Background information
- Also known as: MCA Abdul
- Born: Abdel Rahman Al-Shantti 14 September 2008 (age 17) Gaza, Palestine
- Genres: Hip-hop
- Instrument: Vocal
- Years active: 2020–present
- Website: Youtube channel

= MC Abdul =

Palestinian rapper (born 2008)

Abdel-Rahman Al-Shantti (عبد الرحمن الشنطي; born September 14, 2008) known professionally as MC Abdul or MCA Abdul is a Palestinian rapper from Gaza, Palestine. He gained popularity when he sang a rap about freedom in front of his school in Gaza which garnered hundreds of thousands of views on social media. As of July 2025, his videos for "Shouting At The Wall" and "Palestine" have received more than 3 million views and 1.8 million views, respectively, on YouTube.

== Early life ==
Abdel-Rahman Al-Shantti was born in Gaza, Palestine. His mother had surgery to treat CNV bleeding in Egypt around 2007, but Al-Shantti said his mother was not able to maintain the surgery due to the blockade of Gaza by Israel.

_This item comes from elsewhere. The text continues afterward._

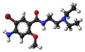 Bromoprida este un medicament utilizat ca antiemetic și prokinetic, fiind foarte similar din punct de vedere structural cu metoclopramida (conține un atom de brom în locul celui de clor).[10] Căile de administrare disponibile sunt: orală, intravenoasă și intramusculară.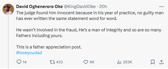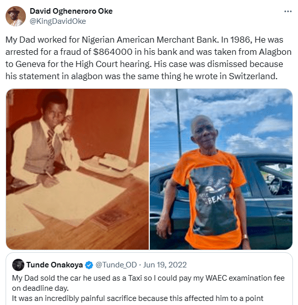 The man @KingDavidOke took to X to publicly celebrate his father’s act of integrity during his lifetime as a young banker in the 80s.

He started rapping and writing songs at age nine. He began recording cover versions of his favorite tracks and sharing them with friends and online. His family exposed him to artists such as Eminem and fellow Palestinian DJ Khaled, the former of which Abdul considers to be one of his four favourites; the others are NF, Tupac and Jay-Z. He said he would like to go on Arab Idol like fellow Palestinian Mohammed Assaf.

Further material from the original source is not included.